In my previous post I tried to use the economic theory of comparative advantage to answer the question:
Who should work on what? or Shouldn’t every developer work on the software where they are most productive?
The economic model gave an answer but more importantly it provided a framework for answering the question. As I examined the assumptions behind the model it became clear there are many other considerations which deserve attention.
Perhaps the most important one is: value.
The basic economic model looks, perhaps naively, at quantity of goods produced. Really, one should consider the value of the goods produced. Not only did the model assume that every feature is the same size but it also assumed that all features have the same value.
Flipping back to the basic model, lets assume that each Bonds feature generates $10,000 in revenue while each Equities feature generates $20,000. Now the options are:
- Jenny and Joe both work on Equities, they produce seven features and generate $140,000 in revenue.
- Jenny and Joe both work on Bonds, they produce seven features and generate $70,000 in revenue.
- Joe works on Equities and Jenny on Bonds, the six features they produce generate $80,000 in revenue.
- Joe works on Bonds and Jenny on Equities, the eight features they produce generates $130,000 in revenue.
Clearly option #1 is the one to choose because it generates the greatest revenue even though Joe would be more productive if he were to work on Bonds.
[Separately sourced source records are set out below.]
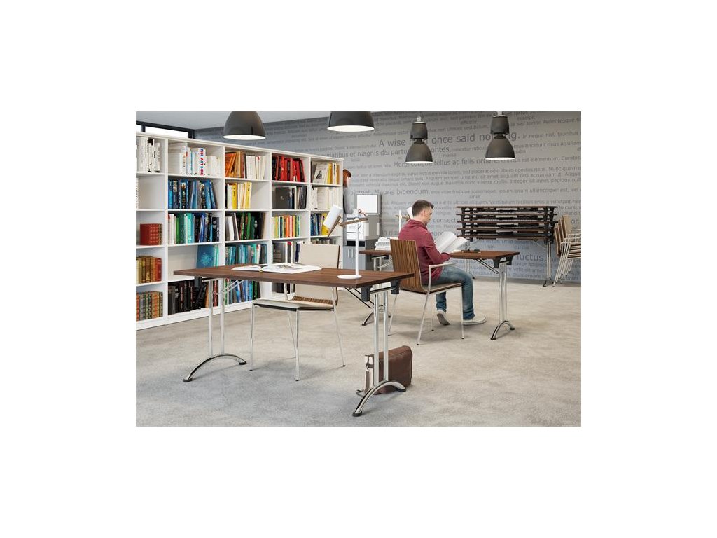 skladací konferenčný stôl, skladacie chrómové nohy rozmer: 65x130 cm výška: 73 cm hrúbka dosky: 25 mm farba: jaseňDodatočné parametre
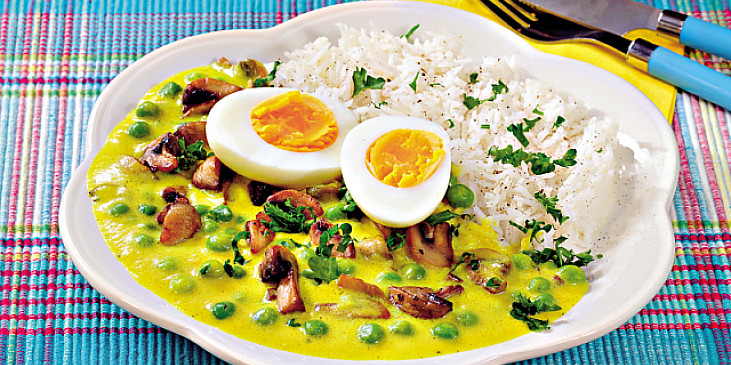 Suroviny receptu Hráškové karí s vejcem a žampiony
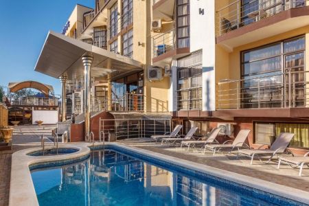 Поездом до ж/д вокзала г. Анапы, далее на маршрутном такси №120 до остановки «Паралия», далее 256 м до отеля.

Adding value to the basic model changes the answer.
Now, again there is an assumption here: all features produce the same value. That is unlikely to be true.
Indeed, over time if no work is done on Bonds it would be reasonable to assume the value of the features would increase. Not that all features would increase in value but failure to do any would mean some of those in the backlog would become more valuable. In addition new requests might arise which may be more valuable than existing requests.
Further, while the value of Bonds features would be increasing the value of Equities might be falling. This follows another economic theory, the law of diminishing marginal utility. This law states that as one consumes more of a given product the added utility (i.e. value) derived from one more unit will be less and less.
So now we have exposed another assumption in the model: the model is static. The model does not consider the effects over time of how things change – I’ll come back to this in another context later too.
Over time the backlogs for both products will stratify, each will contain some items which are higher in value than average and some which are lower in value.
Lets suppose each product has its own backlog:
- Equities backlog contains seven features with the values: $60,000, $54,000, $48,000, $42,000, $36,000, $30,000 and $24,000.
- Bonds backlog contains another seven features with the values: $32,500, $10,000, $7,000, $6,000, $5,000, $4,000 and $,3000.
Now there are (at least) four options open:
- Equities: both Jenny and Joe work on the equities product. Together they will deliver seven features and a total of $294,000 of value.
- Bonds: both Jenny and Joe work on the bonds product. Together they will deliver seven features and a total of $67,500 of value.
- Specialise: Jenny does five equities features ($240,000) and Joe three bonds features ($49,500) delivering a total of eight features and $289,500.
- Value seeking: Jenny does her five equities features but Joe delivers one bonds feature, one equities feature and gets to go home early. In total they deliver six features and $302,500.
The highest value option if #4, which delivers $13,000 more than if they specialise. That might seem counter intuitive: the option that delivers the most money delivers the least features. And again it shows deciding work in the absence of value can be misleading.
The second best option is for both to do Equities only, this delivers $8,500 more than specialisation. Adding value to the basic model isn’t a big change but it has changed the answer. When output was measured in features then specialisation looked to be the best option.
Returning to the question of the static model, there is one more assumption to relax: Learning. Economist J.K.Galbraith pointed out that the comparative advantage neglects to factor in learning, and I’ve done the same thing so far.
Assuming Joe specialises in Bonds and spends most of his time working there he will learn and in time he will become more productive. Suppose after a year he can produce 5 bonds features in the time he takes to produce 2 equities features – a 66% improvement.
Now how to the numbers stack up? What is the revenue maximising choice now?
And perhaps more importantly, how long would it take before Joe’s increased output paid for all the time he spent learning?
But, another what-if, what if Joe had specialised in Equities instead? He would now be more productive on a product with higher value features.
Again the question “Who should work on what?” needs to consider intent. Which product do you want Joe to learn? Which product is expected to have the highest value? Are you maximising value or quantity?
As usual, you can argue with my model and question my assumptions but I think that only demonstrates my point: these things need thinking about.
If you want you can continue relaxing the assumptions and do more what-if calculations – for example I’ve assumed Jenny and Joe cost the same. Nor have I factored in risk or cost-of-delay. This model can get a lot more complicated. I’ve also assumed that partially done features have no value at all, each week starts afresh and no work carries over.